= EXERCISE REQUIREMENTS =
After locating the line with "Suggested Use: Take" in the data that follows, return it and every later line exactly, up to and including the line with "That felt like".

= EXERCISE INPUTS =
-----

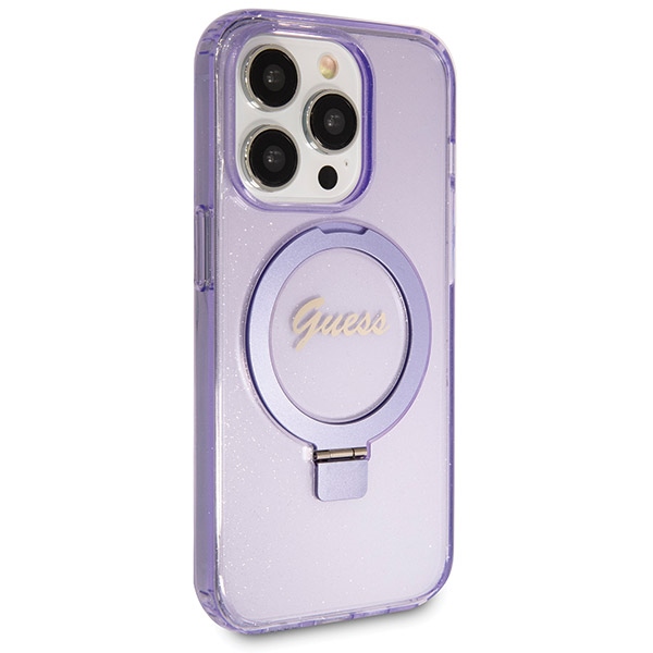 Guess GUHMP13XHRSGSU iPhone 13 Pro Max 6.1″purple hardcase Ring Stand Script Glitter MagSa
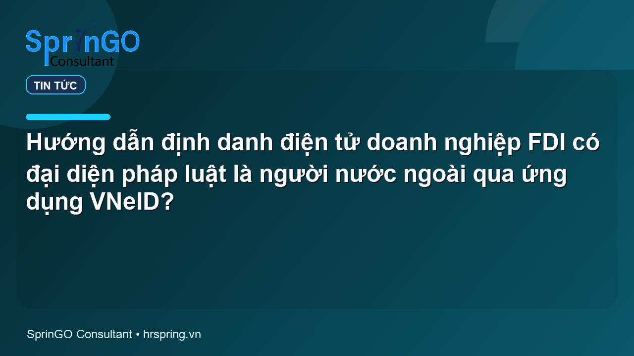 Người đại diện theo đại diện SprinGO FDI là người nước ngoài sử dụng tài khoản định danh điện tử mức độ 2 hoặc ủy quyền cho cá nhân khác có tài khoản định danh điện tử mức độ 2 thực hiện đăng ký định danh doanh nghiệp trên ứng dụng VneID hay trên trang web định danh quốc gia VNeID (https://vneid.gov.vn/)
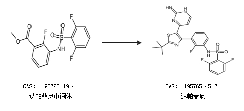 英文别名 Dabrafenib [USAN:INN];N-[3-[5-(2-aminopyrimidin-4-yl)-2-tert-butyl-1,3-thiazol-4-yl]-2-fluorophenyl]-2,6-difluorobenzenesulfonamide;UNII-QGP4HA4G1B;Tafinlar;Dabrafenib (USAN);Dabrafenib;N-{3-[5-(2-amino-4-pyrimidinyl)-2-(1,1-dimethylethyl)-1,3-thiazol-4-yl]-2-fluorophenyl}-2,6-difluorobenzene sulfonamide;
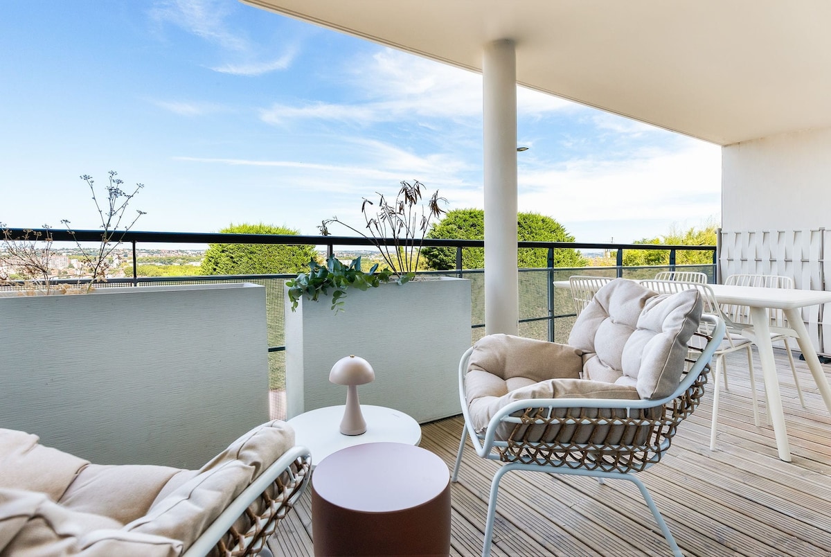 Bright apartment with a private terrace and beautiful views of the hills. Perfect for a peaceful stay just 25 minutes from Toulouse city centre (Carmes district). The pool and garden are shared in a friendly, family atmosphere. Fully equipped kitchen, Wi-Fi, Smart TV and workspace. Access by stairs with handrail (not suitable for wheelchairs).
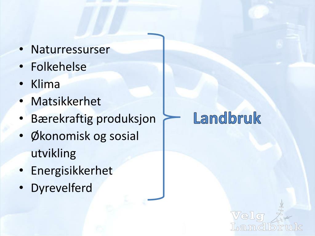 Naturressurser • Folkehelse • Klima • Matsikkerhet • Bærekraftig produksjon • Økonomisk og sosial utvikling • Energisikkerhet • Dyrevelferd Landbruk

-----

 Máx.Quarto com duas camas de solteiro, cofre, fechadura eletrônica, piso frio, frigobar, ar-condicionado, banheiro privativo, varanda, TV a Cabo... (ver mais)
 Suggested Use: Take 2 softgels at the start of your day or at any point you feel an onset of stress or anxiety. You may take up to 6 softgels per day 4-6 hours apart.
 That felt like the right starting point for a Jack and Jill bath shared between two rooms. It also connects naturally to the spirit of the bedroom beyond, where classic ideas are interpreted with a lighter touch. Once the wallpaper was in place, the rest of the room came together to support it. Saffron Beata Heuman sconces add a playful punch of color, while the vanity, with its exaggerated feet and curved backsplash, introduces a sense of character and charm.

-----

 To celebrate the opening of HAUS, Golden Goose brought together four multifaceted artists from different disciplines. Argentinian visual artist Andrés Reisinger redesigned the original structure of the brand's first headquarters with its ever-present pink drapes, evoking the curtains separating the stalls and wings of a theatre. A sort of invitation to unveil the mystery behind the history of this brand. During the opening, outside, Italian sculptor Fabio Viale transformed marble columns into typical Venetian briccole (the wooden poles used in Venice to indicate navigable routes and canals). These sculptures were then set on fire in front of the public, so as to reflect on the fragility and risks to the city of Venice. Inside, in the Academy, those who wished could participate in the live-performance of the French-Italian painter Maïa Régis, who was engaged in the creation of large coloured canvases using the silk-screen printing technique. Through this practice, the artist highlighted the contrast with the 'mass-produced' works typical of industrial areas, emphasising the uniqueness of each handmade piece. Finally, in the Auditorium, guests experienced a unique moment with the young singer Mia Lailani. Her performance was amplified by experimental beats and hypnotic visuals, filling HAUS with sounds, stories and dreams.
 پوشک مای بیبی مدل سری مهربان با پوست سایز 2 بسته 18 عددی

-----

= EXERCISE RESPONSE =
 Suggested Use: Take 2 softgels at the start of your day or at any point you feel an onset of stress or anxiety. You may take up to 6 softgels per day 4-6 hours apart.
 That felt like the right starting point for a Jack and Jill bath shared between two rooms. It also connects naturally to the spirit of the bedroom beyond, where classic ideas are interpreted with a lighter touch. Once the wallpaper was in place, the rest of the room came together to support it. Saffron Beata Heuman sconces add a playful punch of color, while the vanity, with its exaggerated feet and curved backsplash, introduces a sense of character and charm.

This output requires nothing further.